True global error maps for SMAP, SMOS, and ASCAT soil moisture data based on machine learning and triple collocation analysis - INRAE - Institut national de recherche pour l’agriculture, l’alimentation et l’environnement Access content directly
Journal Articles Remote Sensing of Environment Year : 2023

True global error maps for SMAP, SMOS, and ASCAT soil moisture data based on machine learning and triple collocation analysis

Abstract

Quantifying the accuracy of the satellite-based soil moisture (SM) data is important for a number of key applications, such as: combining satellite-basedSM products for long-term SM analyses, assimilating SM data into land surface models, and providing quality flags to mask bad quality SM data.
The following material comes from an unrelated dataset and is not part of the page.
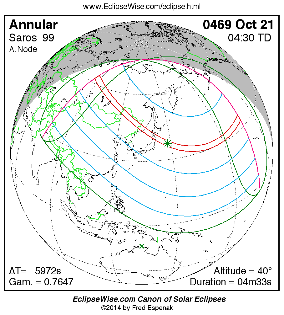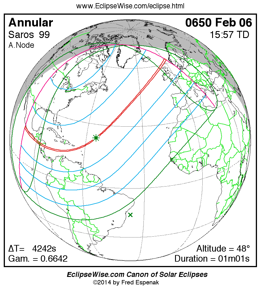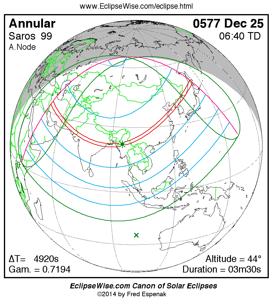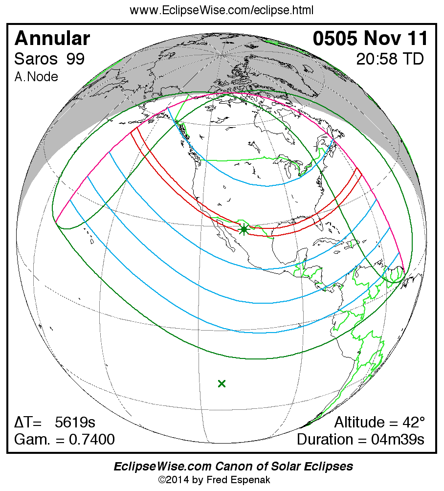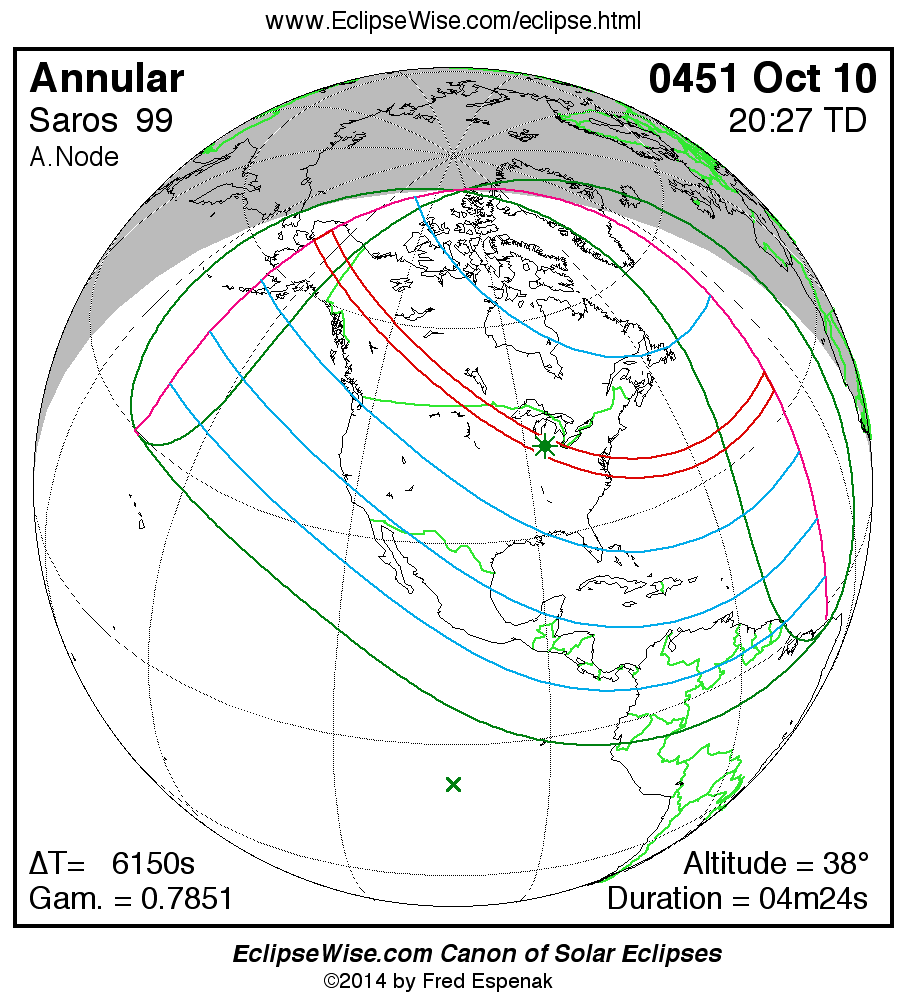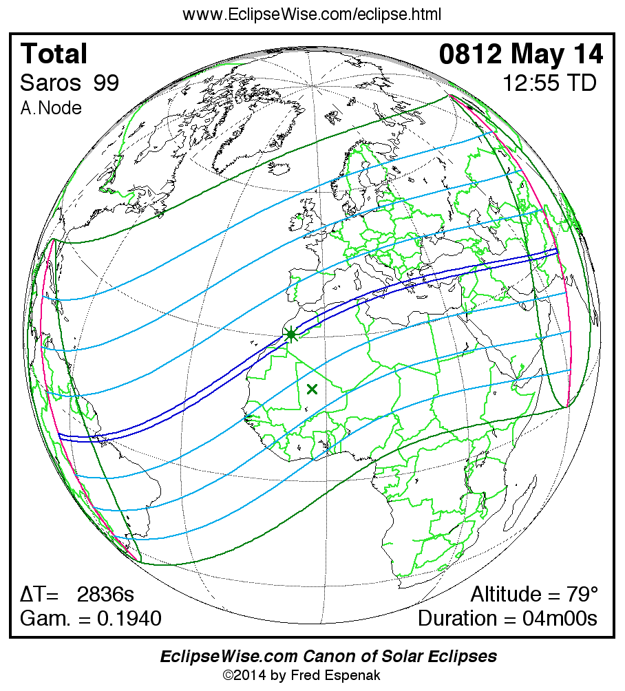 A panorama of all solar eclipses belonging to Saros 99 is presented here. Each map depicts the geographic region of visibility for a single eclipse. For central eclipses, the total or annular path is plotted in either blue (total) or red (annular). The date and time is given for the instant of Greatest Eclipse. Every map serves as a hyperlink to the EclipseWise Prime page for that eclipse where a larger map and complete details for the eclipse can be found. Visit the Key to Solar Eclipse Maps for a detailed explanation of these maps. Near the bottom of the page are a series of hyperlinks for more on solar eclipses.

A range of statistical methods have been proposed to estimate error statistics for large-scale SM datasets including the: instrumental variable (IV) method, triple collocation analysis (TCA), and quadruple collocation analysis (QCDA). While requiring only two input products, the IV method also imposes an additional assumption that one input product possesses serially uncorrelated errors -thus limiting its scope compared to TC. Likewise, QCDA requires four independent SM data products that are difficult to obtain and may not always be available for analysis. Nonetheless, TCA-based methods still cannot provide truly global error maps for satellite SM products due to the limited number of independent SM products and difficulties with baseline TCA assumptions. Moreover, temporal sampling requirements for TCA are often impractical because of low SM retrieval skill in forested and arid areas - as well as in regions prone to radio frequency interference.Here, we seek to fill significant spatial gaps in TCA results using machine learning (ML) and therefore provide spatially complete error maps for the satellite-based SM data products derived from the Soil Moisture Active Passive (SMAP), Soil Moisture and Ocean Salinity (SMOS), and Advanced Scatterometer (ASCAT) systems. Furthermore, we use SHapley Additive exPlanations (SHAP) values, a model-agnostic technique for interpreting ML models, to examine the impact of various environmental conditions on the quality of satellite-based SM retrievals.Globally, and across all three products, 72.0% of missing error information in a TCA-based analysis, due to either the lack of valid data or the inability of TCA to provide reliable results, can be reconstructed from the ensemble prediction mean of the ML models. Overall, we found that 22.7% (a.m.) and 34.2% (p.m.) of the Earth'sSM dynamics (between 60 degrees S to 60 degrees N) have not been investigated properly across all three satellite missions.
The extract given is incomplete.